**Task prompt**
Omit all images, then repeat exactly the lines below from the one containing "These are rustic" through the one containing "Черная вязанная Повседневная", both ends included.

**Task material**
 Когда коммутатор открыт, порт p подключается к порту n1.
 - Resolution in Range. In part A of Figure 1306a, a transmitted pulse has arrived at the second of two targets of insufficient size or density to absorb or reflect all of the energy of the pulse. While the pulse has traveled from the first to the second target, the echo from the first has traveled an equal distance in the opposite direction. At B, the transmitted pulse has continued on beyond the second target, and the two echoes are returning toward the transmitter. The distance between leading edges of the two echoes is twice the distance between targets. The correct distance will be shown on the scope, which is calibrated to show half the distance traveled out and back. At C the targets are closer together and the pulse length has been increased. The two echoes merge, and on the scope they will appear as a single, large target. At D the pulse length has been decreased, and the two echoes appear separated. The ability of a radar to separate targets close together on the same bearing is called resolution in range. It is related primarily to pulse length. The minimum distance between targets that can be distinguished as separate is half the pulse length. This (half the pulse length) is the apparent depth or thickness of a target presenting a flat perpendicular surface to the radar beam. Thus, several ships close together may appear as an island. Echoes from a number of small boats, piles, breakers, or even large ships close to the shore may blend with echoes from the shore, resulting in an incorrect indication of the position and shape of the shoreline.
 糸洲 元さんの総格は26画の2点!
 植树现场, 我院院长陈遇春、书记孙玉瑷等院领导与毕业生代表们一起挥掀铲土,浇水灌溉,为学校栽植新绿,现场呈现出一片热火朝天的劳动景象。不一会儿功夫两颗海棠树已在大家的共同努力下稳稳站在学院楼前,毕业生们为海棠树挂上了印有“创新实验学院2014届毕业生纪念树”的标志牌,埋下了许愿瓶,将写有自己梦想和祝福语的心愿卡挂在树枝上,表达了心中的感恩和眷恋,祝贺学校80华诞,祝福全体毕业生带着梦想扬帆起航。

* * *

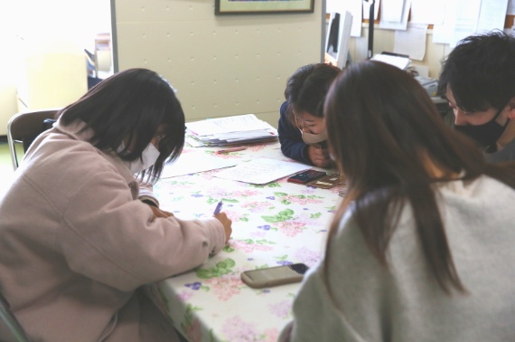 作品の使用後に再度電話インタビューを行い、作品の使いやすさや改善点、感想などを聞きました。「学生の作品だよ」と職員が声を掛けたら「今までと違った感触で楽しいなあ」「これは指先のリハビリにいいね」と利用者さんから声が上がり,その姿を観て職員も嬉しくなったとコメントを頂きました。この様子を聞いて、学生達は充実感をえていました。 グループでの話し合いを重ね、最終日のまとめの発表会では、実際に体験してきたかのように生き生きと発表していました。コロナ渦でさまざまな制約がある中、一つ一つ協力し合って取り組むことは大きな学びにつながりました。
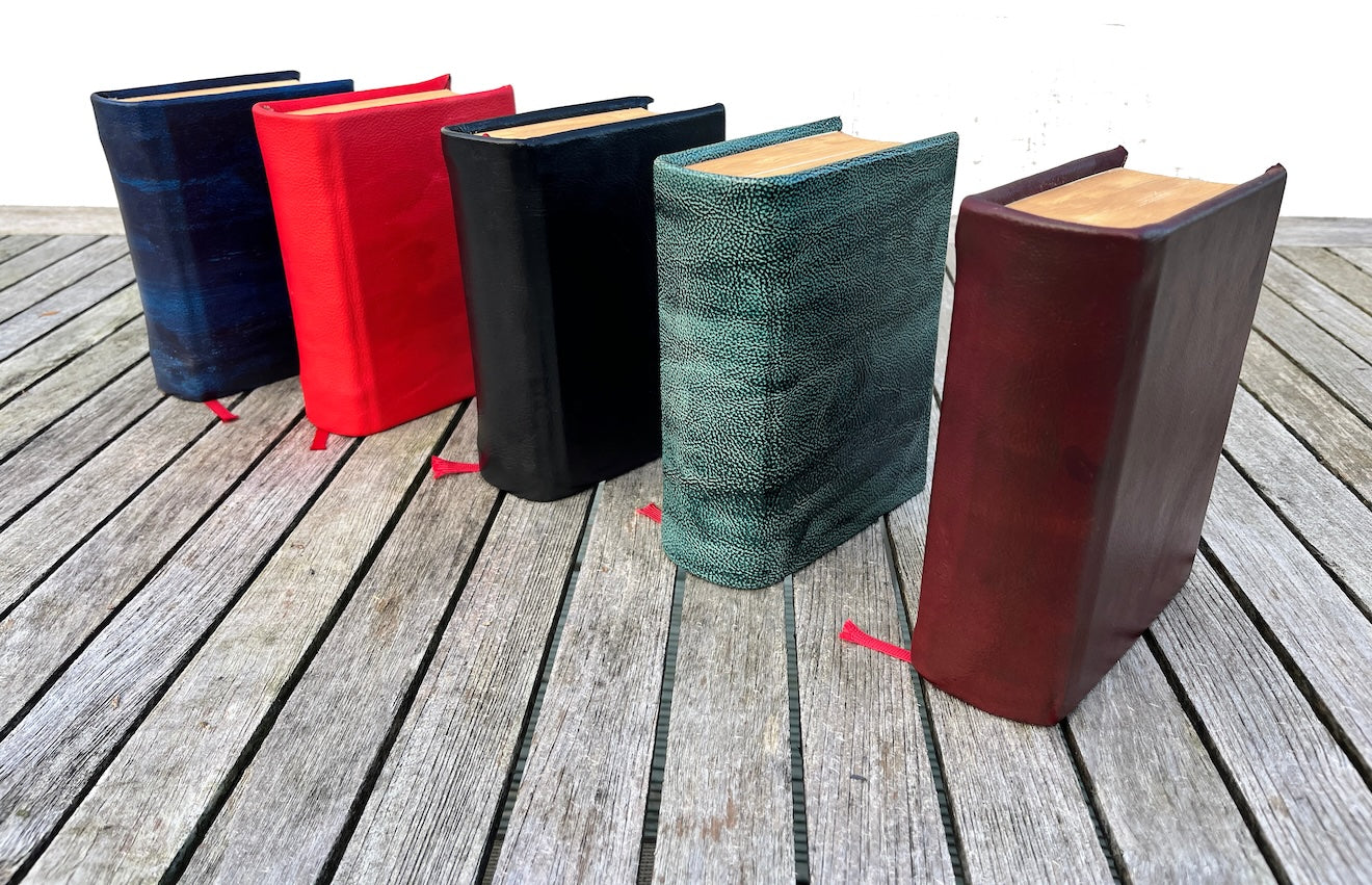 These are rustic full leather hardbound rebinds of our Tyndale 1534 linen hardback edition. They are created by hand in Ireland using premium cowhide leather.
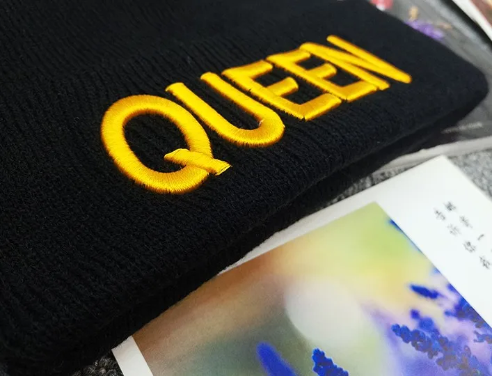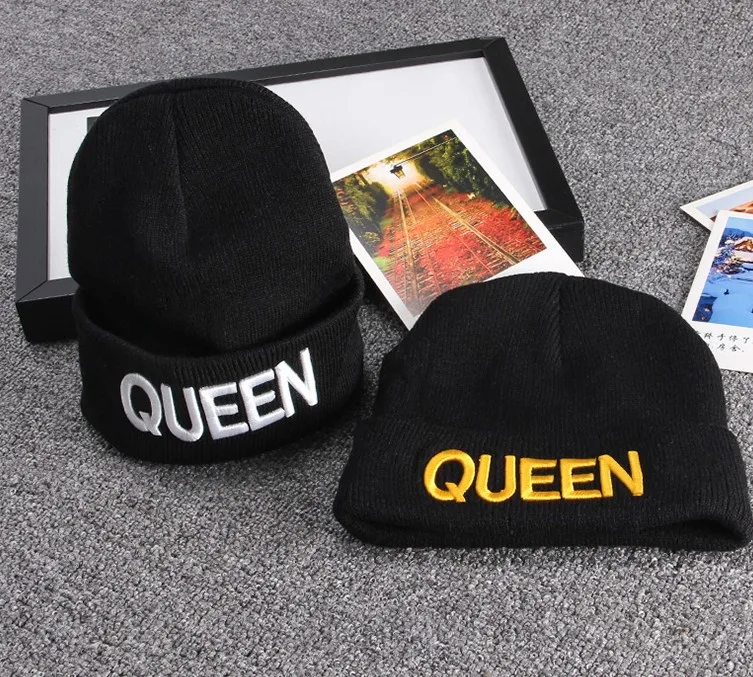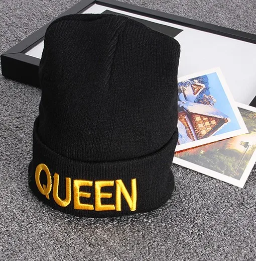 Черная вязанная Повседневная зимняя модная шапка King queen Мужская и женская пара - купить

**Solution below**
 These are rustic full leather hardbound rebinds of our Tyndale 1534 linen hardback edition. They are created by hand in Ireland using premium cowhide leather.
 Черная вязанная Повседневная зимняя модная шапка King queen Мужская и женская пара - купить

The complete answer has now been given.